Obama has ruffled some feathers recently, but not exactly the same feathers he regularly ruffles. This time it’s the word nerds, and even more specifically, the punctuation nerds, who are displeased with the President.

The source of their displeasure? A period. That’s right, a small dot no larger than the tip of your pen. More specifically, the period that follows his new one-word slogan, “FORWARD.”

According to a Wall Street Journal piece analyzing the kerfuffle, the concern is that the slogan is not a sentence, and in any case, the period undercuts the slogan’s intended sense of moving, well, forward.

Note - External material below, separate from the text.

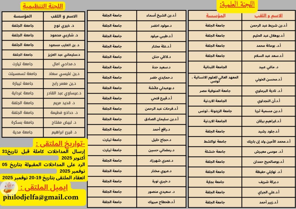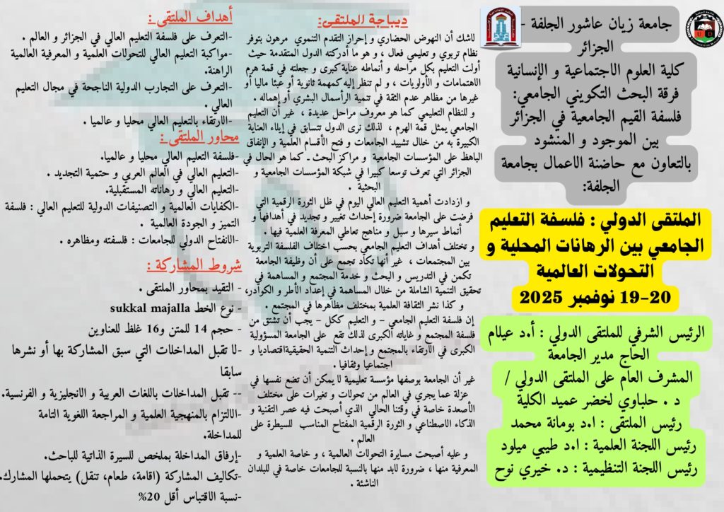الرئيسية/الاعلانات/الملتقى الدولي فلسفة التعليم الجامعي بين الرهانات المحلية والتحولات العالمية: 2025 20-19 نوفمبر

Obama’s staff apparently had a spirited debate on whether to include the period, and politicians and editors have weighed in on the dot in question.

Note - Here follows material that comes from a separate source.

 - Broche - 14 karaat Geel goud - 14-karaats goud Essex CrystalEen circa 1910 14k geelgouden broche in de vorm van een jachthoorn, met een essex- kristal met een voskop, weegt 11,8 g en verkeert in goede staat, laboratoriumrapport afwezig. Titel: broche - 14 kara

My favorite comment is the one by Rep. Pete King (R., N.Y.), who called the period “sort of a buzz kill.”

The Journal puts the controversy in context by providing this handy condensed history of grammatically questionable campaign slogans:

In 1992, George H.W. Bush’s line, “Who do you trust?” generated chatter about the use of “who” versus “whom.” Dwight Eisenhower’s 1952 slogan “I like Ike” is clearly a sentence, but didn’t include a period. George W. Bush’s “Yes, America Can” slogan included a comma; Mr. Obama’s “Yes We Can” chant four years later did not.

Meanwhile, the title of the super PAC supporting Mr. Romney, “Restore Our Future,” seems to bend the rules of space and time, if not grammar.

So there’s a nice point of shared bipartisan experience. Kumbaya!